Белецкий рассматривает оценку политических взглядов Фихте, Гегеля, как они даны в III томе «Истории философии» и «критикует» эту оценку, как расходящуюся со взглядами Маркса и Энгельса. В этой своей критике т. Белецкий воюет с ветряными мельницами, ибо в «Истории философии» дана, только более точно и полно, вся та критика политических взглядов, которую дает т. Белецкий. Разница здесь лишь в том, что в III томе «Истории философии» политические взгляды Канта, Фихте, Гегеля раскритикованы более резко, обстоятельно, грамотно, чем это делает т. Белецкий». Александров приводит в своем письме много выписок из III тома «Истории философии», в которых анализируются политические воззрения Канта, Фихте, Гегеля. Например, «Фихте высказал немало кичливых утверждений о немецкой нации, ее превосходстве, но даже беглое знакомство с сочинениями Фихте показывает, насколько он далек даже в крайних своих националистических преувеличений от фашистского шовинистического изуверства (с. 165)».

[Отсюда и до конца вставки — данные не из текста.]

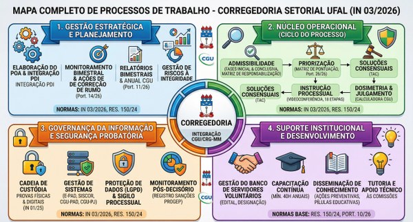 O mapeamento reflete a estrutura estratégica da Corregedoria Setorial da UFAL, detalhando o fluxo que integra o planejamento institucional ao ciclo operacional de correição. O modelo organiza as atividades em quatro eixos fundamentais: a gestão estratégica alinhada ao PDI, o núcleo operacional de apurações, a governança segura da informação probatória e o suporte contínuo ao desenvolvimento do corpo funcional por meio de tutoria técnica.
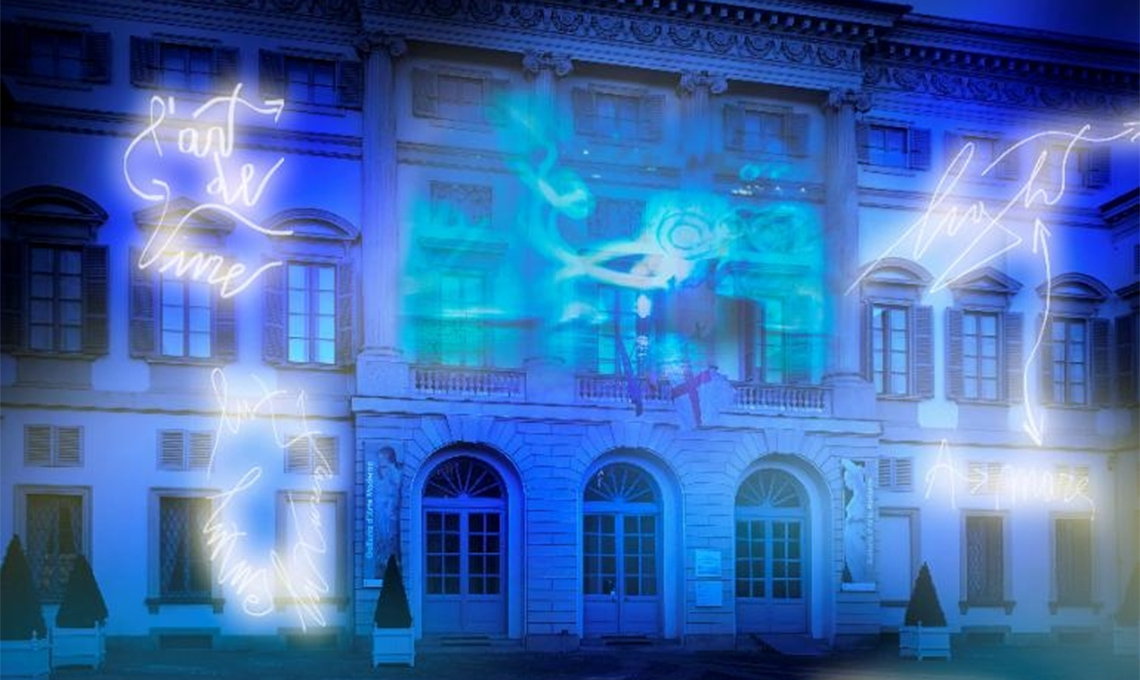 L'installazione, opera di Marco Nereo Rotelli, trasformerà Villa Reale in un immenso quadro luminoso raccontando ed interrogando sui segreti della luce nella pittura . Dai cieli del grande Tintoretto a Canaletto a Tiziano ma anche e specialmente ai cieli nei quadri presenti nella sale del Museo, da Morbelli a De Nittis , da Previati a Boccioni. (ERCO Illuminazione - Lighting Show).

Александров в письме приводит из III тома «Истории философии» обоснованную и убедительную характеристику политических воззрений Гегеля. «Беда Белецкого в том, — пишет Александров, — что он переносит положительные оценки диалектики Гегеля, данные в III томе «Истории философии», на его политические воззрения», а высказывание классиков марксизма-ленинизма о консервативных чертах мировоззрения немецких философов распространяет на все их учения. Отсюда и вся несуразность. На этот счет остается только сказать словами Энгельса: «Человек, который судит о каждом философе не потому ценному, прогрессивному, что было в его деятельности, но потому, что было необходимо переходящим, реакционным, судит по системе, такой человек лучше бы молчал. По его мнению вся история философии — это просто «куча развалин», разрушенных систем. Как высоко стоит Гегель над этим своим мнимым критиком. И он воображает, что критикует Гегеля, то тут, то там нападая на след неправильных скачков, с помощью которых Гегель, как и всякий другой систематик, должен был построить свою систему… Но если бы стоило тратить труд, так я показал бы ему еще проделки другого рода. Барт… все превращает в мелочи, и пока от этого он не отучится, он, говоря словами Гегеля «из ничего, через ничто придет ни к чему» (Энгельс. Письмо Конраду Шмидту от 1 июня 1891 г. )».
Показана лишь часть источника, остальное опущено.